- **Task goal**: The records must be retyped exactly, with no pictures included.

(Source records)
•••
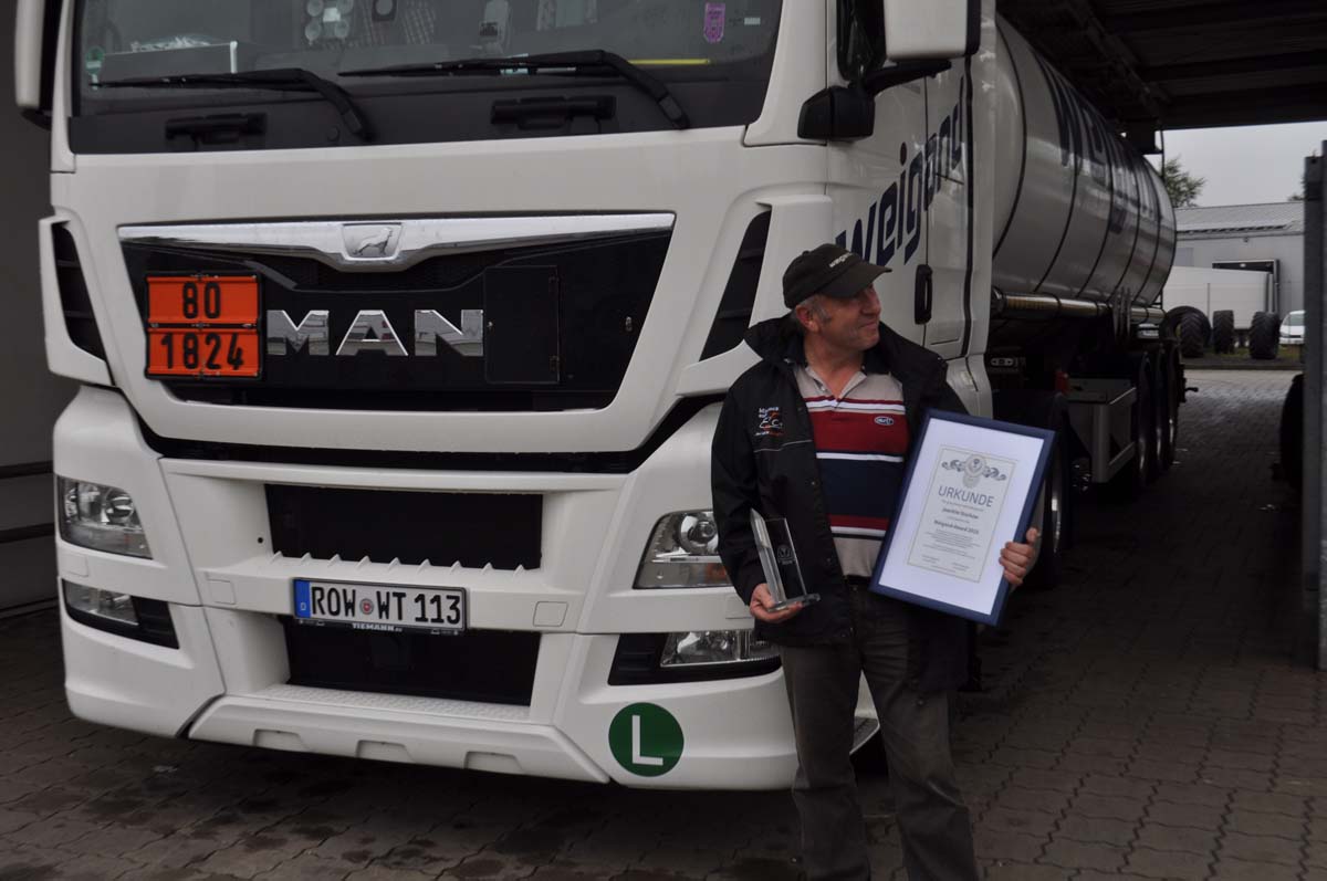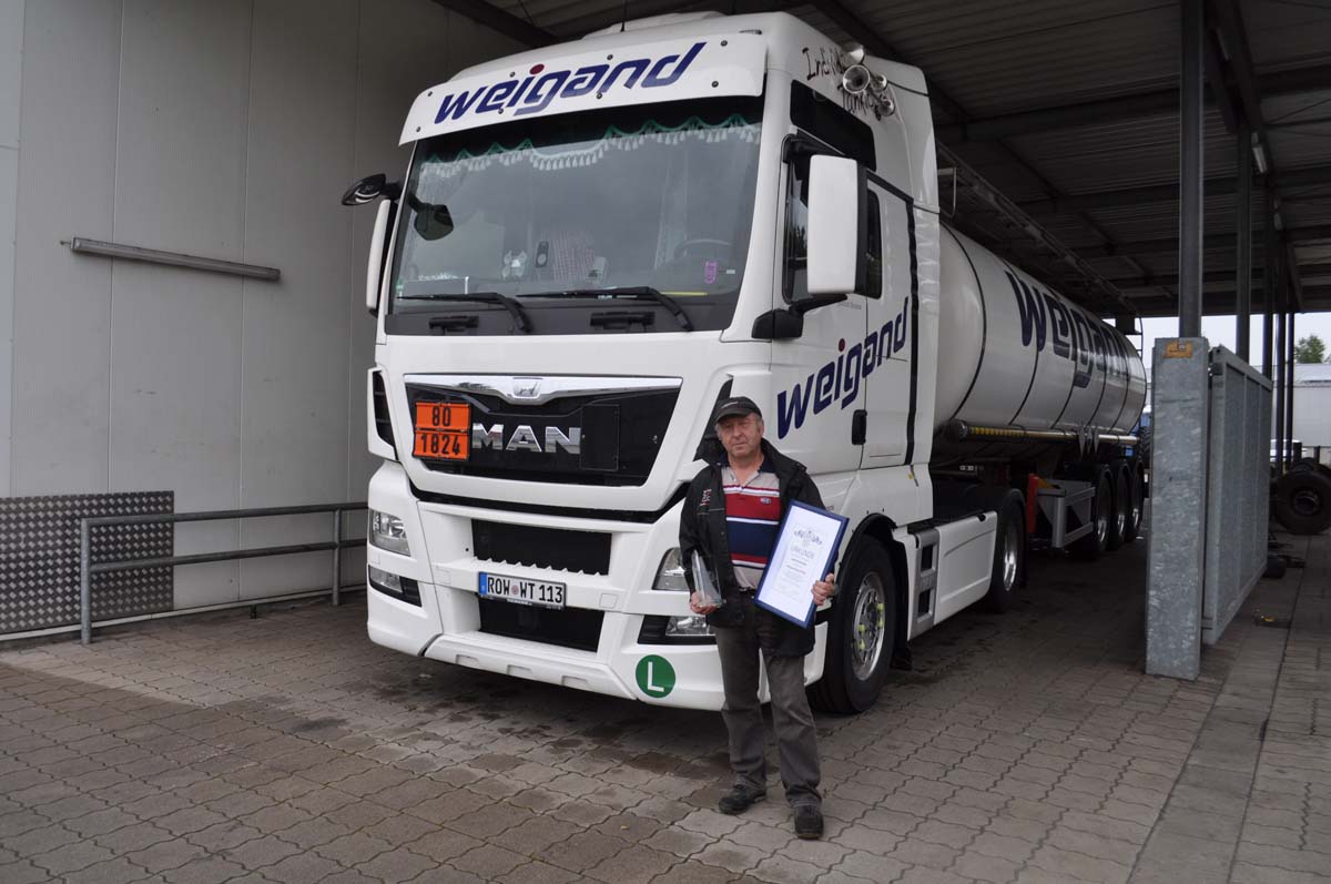 So ist der Weigand-Award eine ständige Herausforderung für Mensch und Maschine. Jeder Weigander gibt täglich sein Bestes, um diesen Preis für sich zu entscheiden. Als Preisgeld winken 500 Euro, die auf die Weigand-Ticket-Pluskarte gutgeschrieben werden, die Auszeichnung mit dem Signet Weigand-Award auf dem LKW und der Respekt der Kollegen - nicht nur bei Weigand-Transporte. Dieses Jahr konnte wieder ein MAN TGX 440 überzeugen. Dieses Jahr geht der begehrte Gewinn an Joachim Starkow. Herzlichen Glückwunsch!
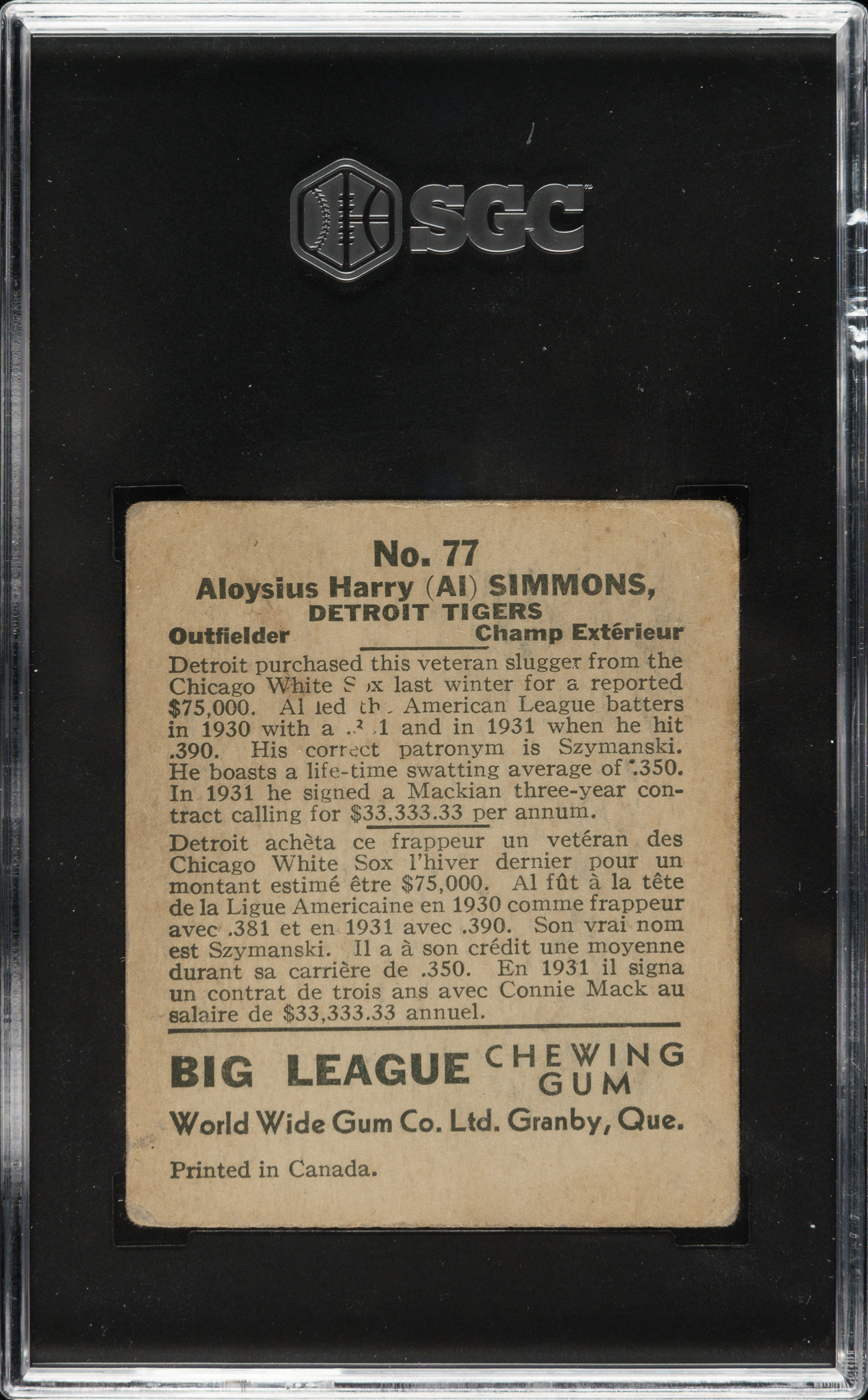Graded VG 3 by SGC. Detroit Tigers Hall of Famer Al Simmons.
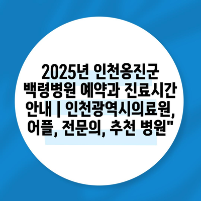 2025년 인천옹진군 백령병원 예약과 진료시간 공지 | 인천광역시의료원, 어플, 전연락, 추천 병원에 대해 자주 묻는 질문 TOP 5
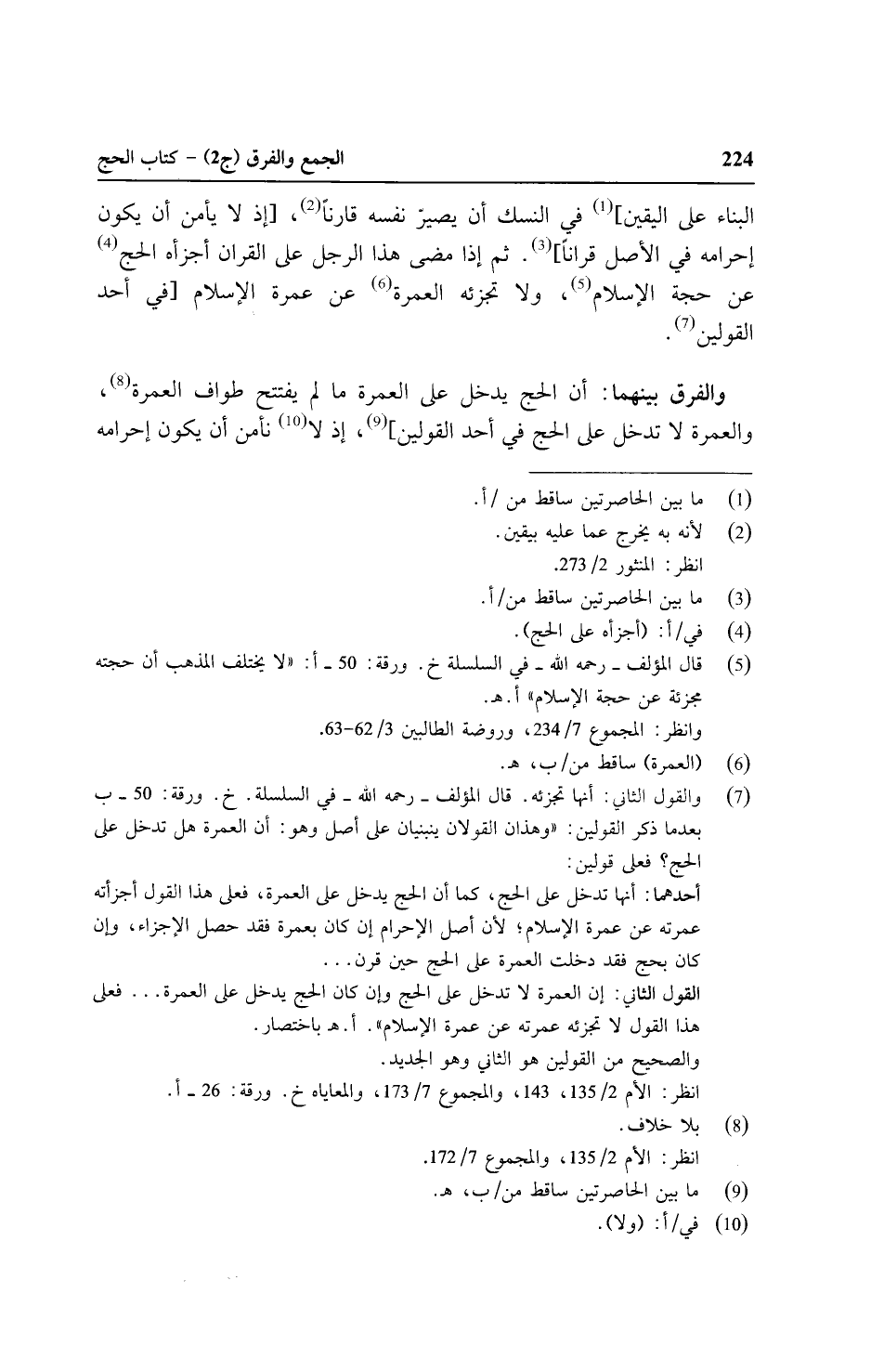 البناء على اليقين] في النسك أن يصير نفسه قارنًا, [إذ لا يأمن أن يكون إحرامه في الأصل قرآنًا]. ثم إذا مضى هذا الرجل على القرآن أجزأه الحج عن حجة الإسلام, ولا تجزئه العمرة عن عمرة الإسلام [في أحد القولين.
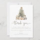Christmas Tree Sage Script Thank You. Available digitally and printed. Contemporary style to invite your guests to your holiday celebration and send your festive greeting too. Thank you is in an elegant set script in sage and the rest of the text you can easily personalise. You can choose any colours for text and background via the customise further option.
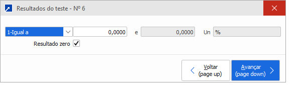 O campo "Resultado zero" é aceito na janela de resultado para indicar que o teste foi executado e o resultado obtido é zero. Se desmarcado, considera que o teste não foi executado.
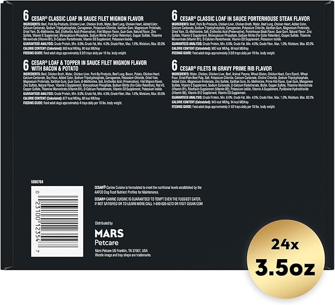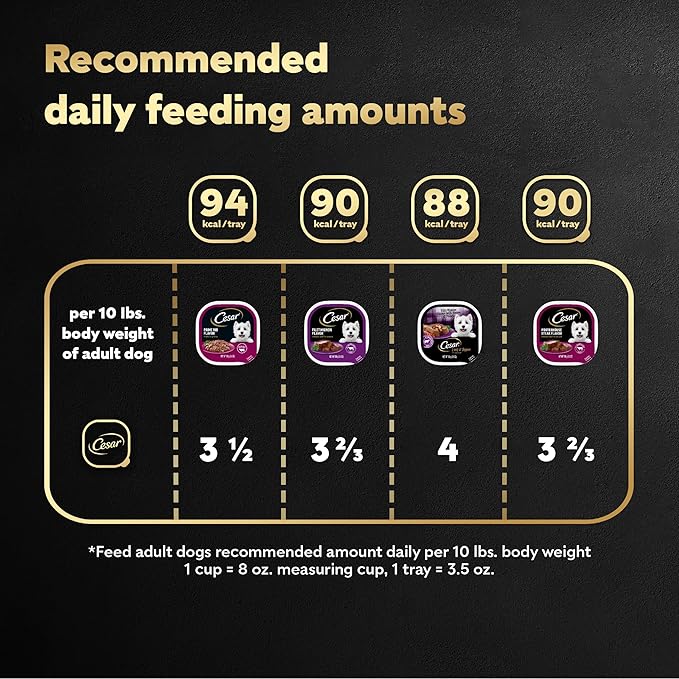 Cesar Wet Dog Food Steak Lovers Variety Pack with Real Meat, 3.5 oz. Trays (24 Count, Pack of 1)
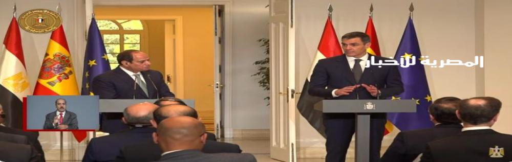 جاء ذلك خلال مؤتمر صحفي مشترك بين الرئيس عبدالفتاح السيسي ورئيس وزراء إسبانيا بيدرو سانشيز بمقر الحكومة الإسبانية.
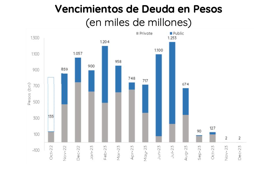 En este aspecto, desde Portfolio Personal Inversiones resaltaron que “tras tres meses consecutivos de pagos sencillos producto del canje de los duales, los vencimientos vuelven a la normalidad en noviembre”, pues “el promedio mensual en los últimos dos meses del año es de $829 mil millones; 60,5% en manos privadas”. Sin embargo, consideraron que “empiezan a ser desafiantes a partir del primer trimestre de 2023. Entre enero y marzo, el equipo de Finanzas enfrentará pagos de $1,05 billones en promedio mensual -59,2% privado-. Vale destacar que al Tesoro no le alcanza solamente con cubrir los vencimientos, sino que todavía requiere un mayor acceso en este mercado para cerrar el programa financiero”.
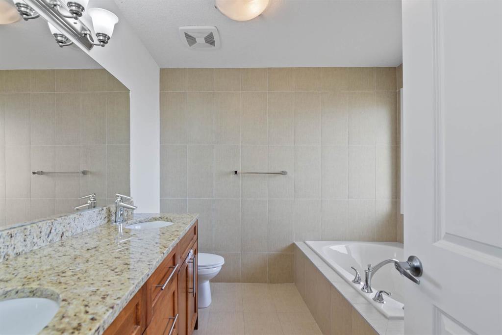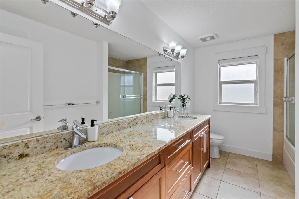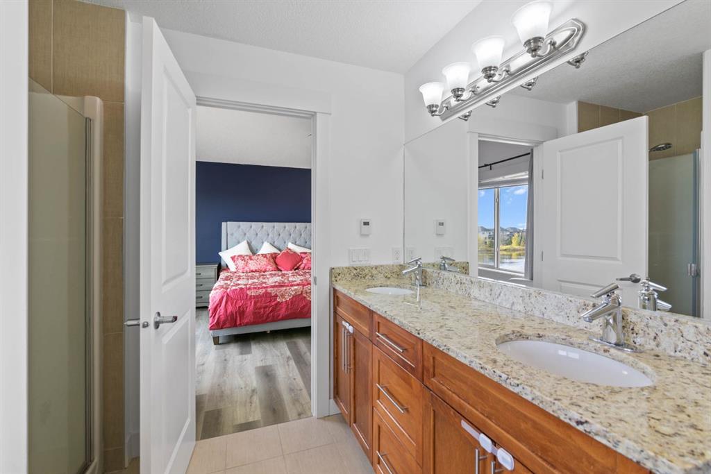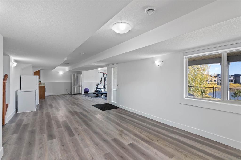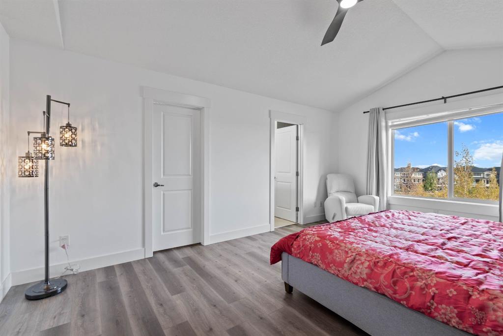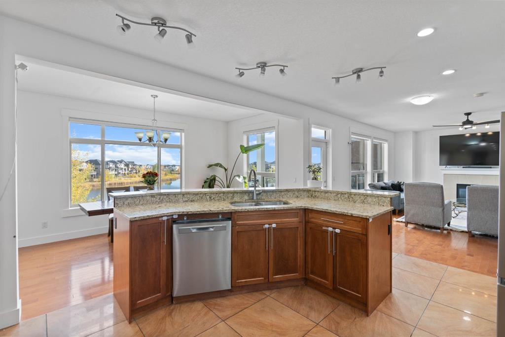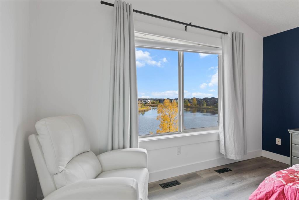 Upstairs, you’ll find four spacious bedrooms, including a luxurious primary suite with vaulted ceilings and picturesque pond views. The spa-inspired ensuite includes double granite vanities, a large soaker tub, a separate shower, and heated tile floors (also found in every bathroom!). A bonus room and stylish 5-piece main bath complete the upper level — perfect for family movie nights or a homework zone. No carpet anywhere — just elegant hardwood , tile and vinyl plank throughout, combining luxury style with easy upkeep.
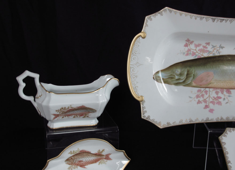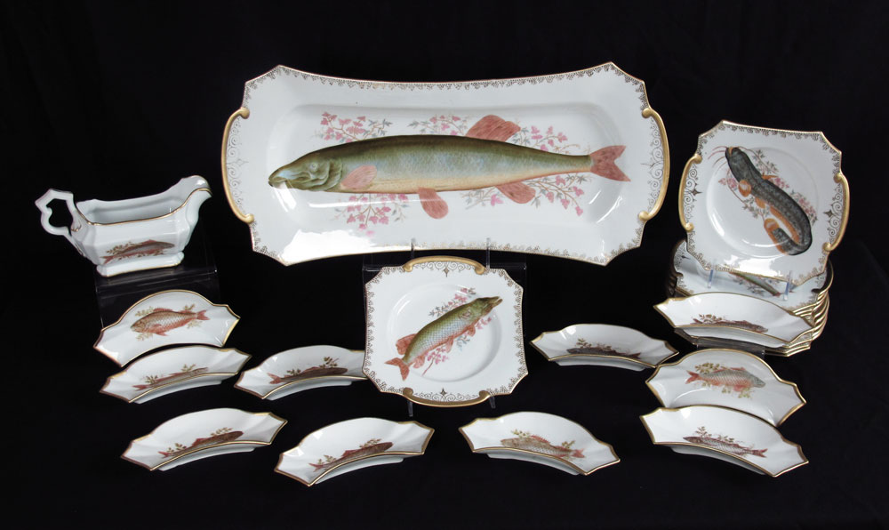AUSTRIAN FRIEDA CHINA FISH SET: Hand decorated and gilded edges, 23 piece set to include the platter (21 5/8'' x 10 1/8''), 10 bone dishes (7 1/8'' x 3''), 11 plates (8'' square), and the sauce boat (4 3/4'' x 8 1/2'').
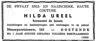 Advertentie : De privaat snij- en naaischool haute couture Hilda Ureel. Nieuwpoortsesteenweg 585, Oostende
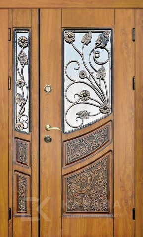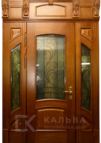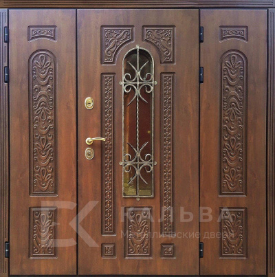 Фото «Стальная дверь-портал орех с радиусным декором для частного дома №97»
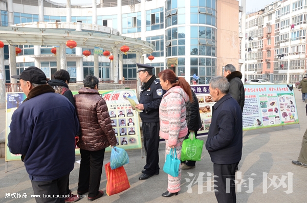 为了让社区居民了解预防毒品侵害的知识,鼓励大家积极参与禁毒。2月6日上午,谢家集公安分局禁毒大队以及望峰岗派出所的民警们来到淮望社区广场,在寒风中向社区居民宣传禁毒常识。
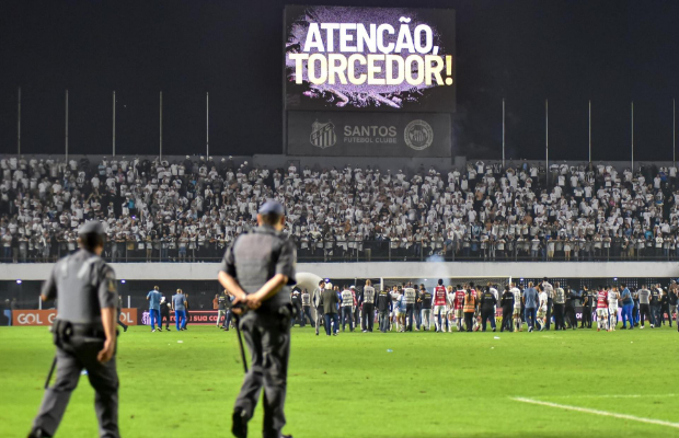 O motivo da possível interdição é a ‘guerra’ que aconteceu nesta quarta-feira (21), no clássico diante do Corinthians. O rival do Peixe vencia por 2 a 0, até que a torcida do Alvinegro Praiano começou a protestar contra o elenco, Odair Hellmann e o presidente Andres Rueda. Depois disso, bombas e sinalizadores foram arremessados ao gramado e polícia e torcedores entraram em confronto ao redor do estádio.
•••
- **Result of the exercise**:
 So ist der Weigand-Award eine ständige Herausforderung für Mensch und Maschine. Jeder Weigander gibt täglich sein Bestes, um diesen Preis für sich zu entscheiden. Als Preisgeld winken 500 Euro, die auf die Weigand-Ticket-Pluskarte gutgeschrieben werden, die Auszeichnung mit dem Signet Weigand-Award auf dem LKW und der Respekt der Kollegen - nicht nur bei Weigand-Transporte. Dieses Jahr konnte wieder ein MAN TGX 440 überzeugen. Dieses Jahr geht der begehrte Gewinn an Joachim Starkow. Herzlichen Glückwunsch!
Graded VG 3 by SGC. Detroit Tigers Hall of Famer Al Simmons.
 2025년 인천옹진군 백령병원 예약과 진료시간 공지 | 인천광역시의료원, 어플, 전연락, 추천 병원에 대해 자주 묻는 질문 TOP 5
 البناء على اليقين] في النسك أن يصير نفسه قارنًا, [إذ لا يأمن أن يكون إحرامه في الأصل قرآنًا]. ثم إذا مضى هذا الرجل على القرآن أجزأه الحج عن حجة الإسلام, ولا تجزئه العمرة عن عمرة الإسلام [في أحد القولين.
Christmas Tree Sage Script Thank You. Available digitally and printed. Contemporary style to invite your guests to your holiday celebration and send your festive greeting too. Thank you is in an elegant set script in sage and the rest of the text you can easily personalise. You can choose any colours for text and background via the customise further option.
 O campo "Resultado zero" é aceito na janela de resultado para indicar que o teste foi executado e o resultado obtido é zero. Se desmarcado, considera que o teste não foi executado.
 Cesar Wet Dog Food Steak Lovers Variety Pack with Real Meat, 3.5 oz. Trays (24 Count, Pack of 1)
 جاء ذلك خلال مؤتمر صحفي مشترك بين الرئيس عبدالفتاح السيسي ورئيس وزراء إسبانيا بيدرو سانشيز بمقر الحكومة الإسبانية.
 En este aspecto, desde Portfolio Personal Inversiones resaltaron que “tras tres meses consecutivos de pagos sencillos producto del canje de los duales, los vencimientos vuelven a la normalidad en noviembre”, pues “el promedio mensual en los últimos dos meses del año es de $829 mil millones; 60,5% en manos privadas”. Sin embargo, consideraron que “empiezan a ser desafiantes a partir del primer trimestre de 2023. Entre enero y marzo, el equipo de Finanzas enfrentará pagos de $1,05 billones en promedio mensual -59,2% privado-. Vale destacar que al Tesoro no le alcanza solamente con cubrir los vencimientos, sino que todavía requiere un mayor acceso en este mercado para cerrar el programa financiero”.
 Upstairs, you’ll find four spacious bedrooms, including a luxurious primary suite with vaulted ceilings and picturesque pond views. The spa-inspired ensuite includes double granite vanities, a large soaker tub, a separate shower, and heated tile floors (also found in every bathroom!). A bonus room and stylish 5-piece main bath complete the upper level — perfect for family movie nights or a homework zone. No carpet anywhere — just elegant hardwood , tile and vinyl plank throughout, combining luxury style with easy upkeep.
AUSTRIAN FRIEDA CHINA FISH SET: Hand decorated and gilded edges, 23 piece set to include the platter (21 5/8'' x 10 1/8''), 10 bone dishes (7 1/8'' x 3''), 11 plates (8'' square), and the sauce boat (4 3/4'' x 8 1/2'').
 Advertentie : De privaat snij- en naaischool haute couture Hilda Ureel. Nieuwpoortsesteenweg 585, Oostende
 Фото «Стальная дверь-портал орех с радиусным декором для частного дома №97»
 为了让社区居民了解预防毒品侵害的知识,鼓励大家积极参与禁毒。2月6日上午,谢家集公安分局禁毒大队以及望峰岗派出所的民警们来到淮望社区广场,在寒风中向社区居民宣传禁毒常识。
 O motivo da possível interdição é a ‘guerra’ que aconteceu nesta quarta-feira (21), no clássico diante do Corinthians. O rival do Peixe vencia por 2 a 0, até que a torcida do Alvinegro Praiano começou a protestar contra o elenco, Odair Hellmann e o presidente Andres Rueda. Depois disso, bombas e sinalizadores foram arremessados ao gramado e polícia e torcedores entraram em confronto ao redor do estádio.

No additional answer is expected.